_Problem requirements_
Each line of the data must be given back verbatim, with pictures removed.

_Given information_
Content starts

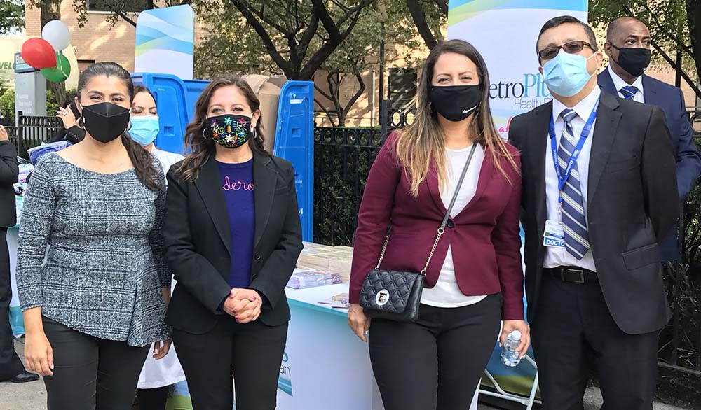 Guardando la distancia y vistiendo tapabocas, decenas de latinos acudieron al Hospital Elmhurst el viernes de esta semana a celebrar el Mes de la Herencia Hispana.
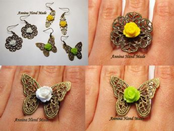 Orecchini e anelli bronzati con roselline
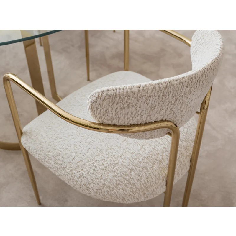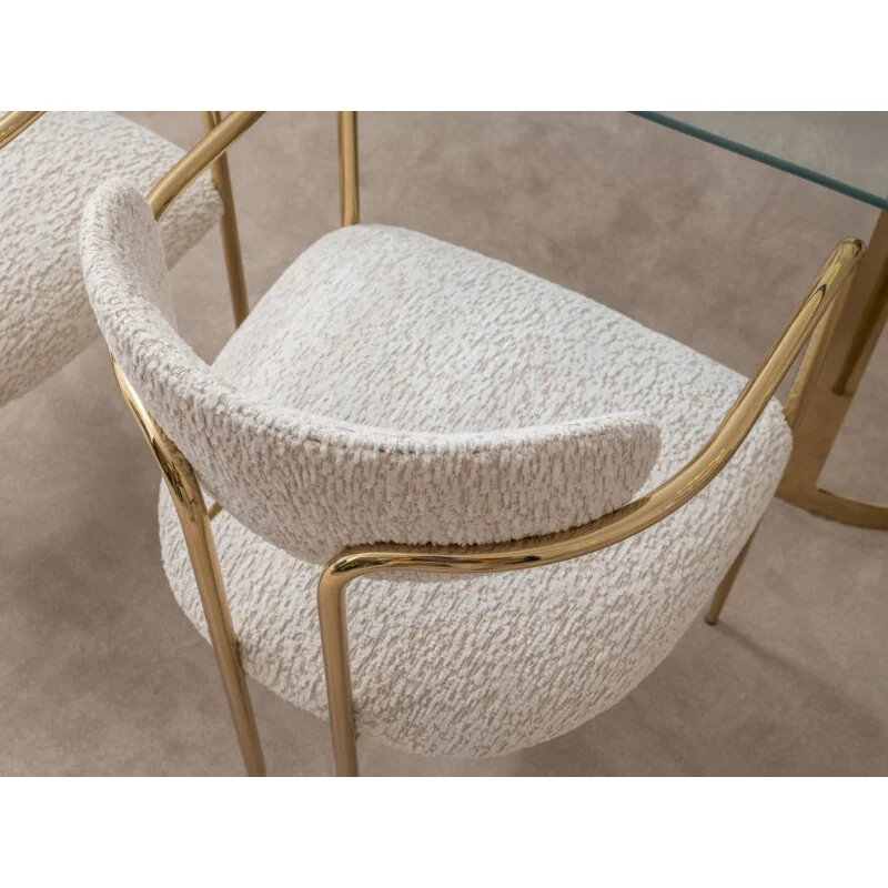 - The open arms enhance its airy character, while the padded seat promises hours of effortless dining comfort.

Content ends

_Reply_
 Guardando la distancia y vistiendo tapabocas, decenas de latinos acudieron al Hospital Elmhurst el viernes de esta semana a celebrar el Mes de la Herencia Hispana.
 Orecchini e anelli bronzati con roselline
 - The open arms enhance its airy character, while the padded seat promises hours of effortless dining comfort.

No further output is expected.